PatchSiren

PatchSiren cyber security CVE debrief

CVE-2026-15626 nextlevelbuilder CVE debrief

A vulnerability was determined in nextlevelbuilder GoClaw 3.13.3-beta.3. This affects the function writeFile of the file internal/providers/acp/tool_bridge.go of the component ACP ToolBridge Workspace Handler. This manipulation causes path traversal.
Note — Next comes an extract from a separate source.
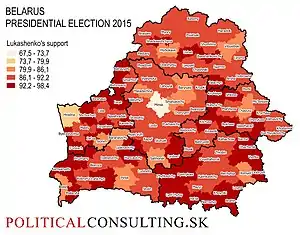 According to the Central Election Commission, more than 36% of voters used the early voting process, higher than in previous years.[24] Overall turnout was 87.22% – highest in Vitebsk Region at 91.08% and lowest in Minsk at 74.38%.[25][26] Alexander Lukashenko won the election with 83.47% of the vote.[25][27]

The attack is possible to be carried out remotely.

Vendor
nextlevelbuilder
Product
GoClaw
CVSS
LOW 2.1
CISA KEV
Not listed in stored evidence
Original CVE published
2026-07-14
Original CVE updated
2026-07-14
Advisory published
2026-07-14
Advisory updated
2026-07-14

Who should care

Users of nextlevelbuilder GoClaw 3.13.3-beta.3 should review and apply patches to prevent path traversal attacks.

Technical summary

The vulnerability is caused by a path traversal issue in the writeFile function of the internal/providers/acp/tool_bridge.go file in the ACP ToolBridge Workspace Handler component of nextlevelbuilder GoClaw 3.13.3-beta.3. The attack can be carried out remotely.

Defensive priority

Low priority due to CVSS score of 2.1

Recommended defensive actions

  • Review and apply patches for nextlevelbuilder GoClaw 3.13.3-beta.3
  • Monitor for remote attacks
  • Implement compensating controls for path traversal

Evidence notes

Evidence is limited. Verify vulnerability details with nextlevelbuilder. Check inventory for affected versions.

Official resources

AI-assisted PatchSiren debrief based on the supplied source corpus. The CVE record was published on 2026-07-14T04:17:04.430Z and has not been modified since then.